Tuesday 21 October 2008

fresh water fish

The hardest cultural problem to solve as a migrant turned out to be rather more of a psychologically based one, rather than being purely cultural, as one might have supposed.

"It's like you have to build up a certain amount of pressure with your mind, in order to ward off the reality around you," he remarked.

The logic of survival in the new environment was different from the logic of survival in the last. In the last environment we had grown up in, one survived by being in unity with the state of Nature, and with the social moods that lent fragrance to the air around you. There might have been a few things wrong with this arrangement, since it did not promote originality of thought in any profound way.
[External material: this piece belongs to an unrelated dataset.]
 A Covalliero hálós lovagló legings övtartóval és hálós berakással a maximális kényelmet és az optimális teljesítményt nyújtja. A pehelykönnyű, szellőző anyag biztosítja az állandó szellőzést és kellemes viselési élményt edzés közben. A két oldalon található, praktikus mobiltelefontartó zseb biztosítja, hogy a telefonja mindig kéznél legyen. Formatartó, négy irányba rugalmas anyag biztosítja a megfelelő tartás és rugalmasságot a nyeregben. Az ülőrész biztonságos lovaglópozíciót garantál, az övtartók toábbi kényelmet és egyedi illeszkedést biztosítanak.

The benefits, however, were that one could move around the locality of where one lived, and speak to people easily and naturally, without first having to build up the pressure within you.

To build up the pressure within you in order to fend off the negativity around you -- that is, the hostility of others who must earn a living by competing against you and yours -- may come more easily to those conditioned from an early age to put up walls designed to keep the Other at a safer psychological distance. Freshwater fish go into shock when placed in salt water, as their internal fluids are not viscous enough to maintain against the pressure of the seawater. Due to the nature of this uneven balance between internal and external pressures, fluid flows out of them osmotically, which leads to dehydration, and then to death.
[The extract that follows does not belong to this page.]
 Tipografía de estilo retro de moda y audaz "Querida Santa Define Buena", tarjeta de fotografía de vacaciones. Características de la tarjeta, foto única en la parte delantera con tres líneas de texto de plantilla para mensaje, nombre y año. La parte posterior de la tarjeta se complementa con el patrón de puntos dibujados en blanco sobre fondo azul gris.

One who has grown up in a society where the environment is not a direct psychological threat feels the same sensations -- something psychologically akin to emotional dehydration, and a sudden and unprecedented threat against survival. The culture which is driven and defended by salty, viscous egos seems alien, bizarre, and threatening all at the same time. The challenge is to build up enough internal, psychological pressure to withstand the feelings of constant assault.

The adaptive development of the internal pressure of ego inflation is created by the habituation to psychical bruising. This bruising must surely occur at the earliest ages of childhood, gradually but assuredly, for those who are given the best start in adapting to a barbarian culture. Those who come from a different sort of society entirely will have too late a start for effective adaptation to constant hostility.
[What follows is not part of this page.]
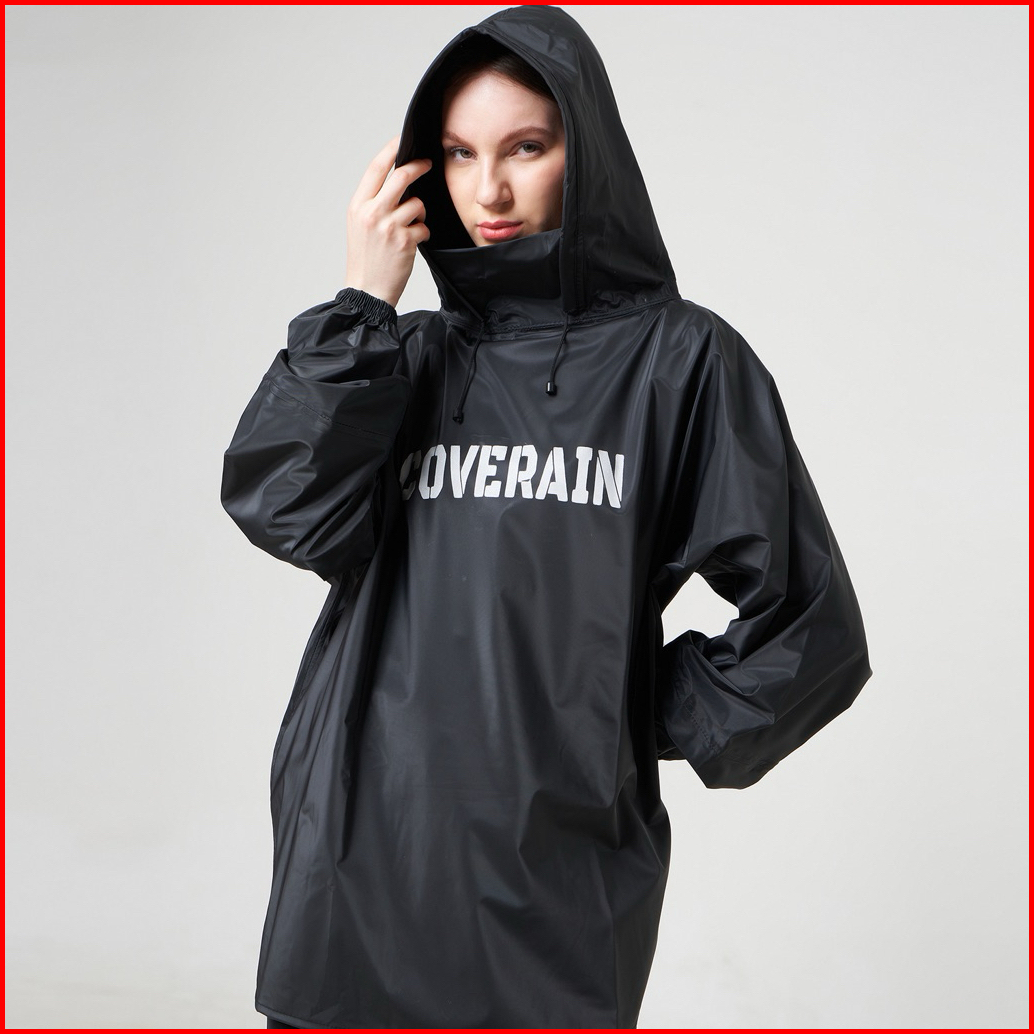 Coverain Jas Hujan Hoodie Full Sealing Press Setelan Pria Wanita Anti Rembes Premium Tanpa Resleting

Ego inflation and the inflation of expectations that caused the economic bubble go hand in hand, since both are concerned with warding off negative phenomena -- such magical thinking is designed keep perceptions of actual environmental negativity at bay in order to forestall the effects of psychological harm which comes from dealing with great environmental hostility and overwhelming odds against one. One becomes firm by injecting positive ideas into one's heart and mind to build up one's internal pressure. Effectively, in actual fact, one bleeds inwardly. Psychological bruising by a harsh environment demands inward signs of self-assurety, as compensation.

Ego inflation is a practical psychological defence. One responds to the principle of mechanics by producing an equal and opposite reaction to the negativity one experiences and expects from one's environment: negative put-downs and dehumanisation become, thereby, positive self-affirmation, necessarily independent of actual input from the environment. Thus one insulates and isolates oneself from one's environment, as a rational and self-preserving mode of defence.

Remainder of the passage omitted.